- Born: 30 March 1969 Nkwerre, Imo, Nigeria
- Died: 9 January 2023 (aged 53) Lagos, Nigeria
- Education: Oxford Brookes University
- Occupations: Filmmaker, lawyer, philanthropist
- Years active: 1986–2023
- Website: www.anyiam-osigwe.com

= Peace Anyiam-Osigwe =

Nigerian filmmaker (1969–2023)

Peace Anyiam-Osigwe MFR (previously Peace Anyiam-Fiberesima; 30 March 1969 – 9 January 2023) was a Nigerian filmmaker and entertainment executive who was called "the queen of Nollywood films". She was the founder of globally acclaimed film ceremony, Africa Movie Academy Awards. The Guardian documents that she pioneered the screening of Nollywood films at international film festivals. She directed the first music video of hip-hop sensation, P-Square. In 2012, she was bestowed a Member of the Order of the Federal Republic by the Nigerian government for her contribution to the entertainment industry. She was also a TED fellow.

==Early life==
Anyiam-Osigwe was born on 30 March. She is from the notable Osigwe Anyiam-Osigwe family in Nkwerre, Imo State. She is the only girl in a family of eight children. She has a degree in Law and political science from Oxford Brookes University.

==Career==
===Africa Movie Academy Awards===
Anyiam-Osigwe founded the Africa Film Academy, a body that governs the film ceremony since 2005. The award ceremony is reputed to be one of the most recognized awards for Africans in film-making. At the 10th edition, she stepped down as CEO of the AMAAs. In 2015, she began the AfricaOne initiative to commemorate Africans in the entertainment industry.

In 2020, she emerged as the National President of The Association of Movie Producers (AMP). This made her the seventh to hold that post succeeding Mr. Ralph Nwadike.

Anyiam Osigwe was the Initiator of 100 films project aimed at improving the quality of films produced in Nigeria.

As the President, she worked on building capacity of film producers in the country through seminars and trainings.

===Writing career===
Anyiam-Osigwe was an author of written poetry. She had three books to her credit. In an interview with Alana Herro, she described poetry as one of the avenues for expressing her perception and understanding of things around her. Prior to entering the university, she published a magazine, Clicks, specifically written to accommodate the black population in England. Her works are centered on advocacy causes.

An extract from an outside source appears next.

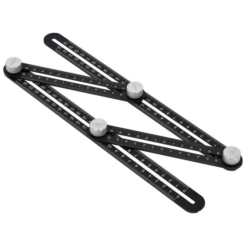 Multifunkčný nastaviteľný šablónový uholník z hliníka. Ideálny na rýchle prenášanie a kopírovanie uhlov. Oxidovaný povrch zaručuje odolnosť voči korózii.
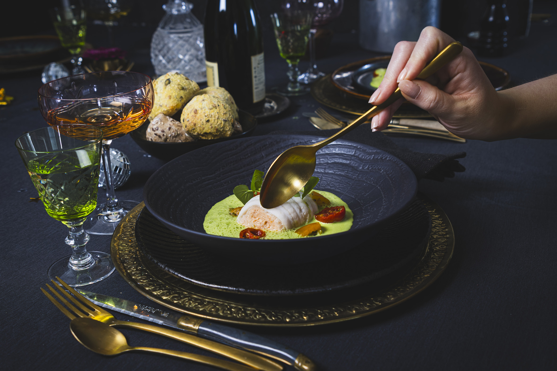 Aftenens forret byder på en elegant paupiette af frisk Vesterhavsfisk i en skøn og skummende basilikumssauce, det let løfter retten og tilføjer en frisk og aromatisk dybde. Forretten toppes med semi-dried tomater og frisk brøndkarse. Hertil stenovnsbagt kuvertbrød.

===Television and film director===
Anyiam-Osigwe career on television began with her discussion show, Piece off my mind, that focuses on people's reaction to societal issues that are not regularly seen in the mainstream media. Her talk show was centered on issues of advocacy for individuals that the society usually give little attention or neglected. She cited the African caste system, child trafficking and women equality as areas of interest to her in film and television. At the early stage of music duo, P-Square career, Anyiam-Osigwe was responsible for managing them. In 2016, she stated that she represents Somkele Iyamah.

==Personal life and death==
Her brother, Michael, who was killed in 2014 was the coordinator general of the Osigwe Anyiam-Osigwe Foundation, a non-profit organization that gives back to the Nigerian society. He was also director, Africa Institute for Leadership Research and Development and the consul general of Malawi to Nigeria. Her mother, Dorothy Chinyere Anyiam-Osigwe is a recipient of the Officer of the Order of the Niger honour by the then president, Olusegun Obasanjo for her philanthropic activities in Nigeria. She was separated from her husband.

Anyiam-Osigwe was in a coma since 7 January 2023, and died at St. Nicholas Hospital in Lagos on 9 January, at the age of 53.

==Awards==
In 2019, she was honoured with African Film Pioneer Award at the African Film Festival, TAFF.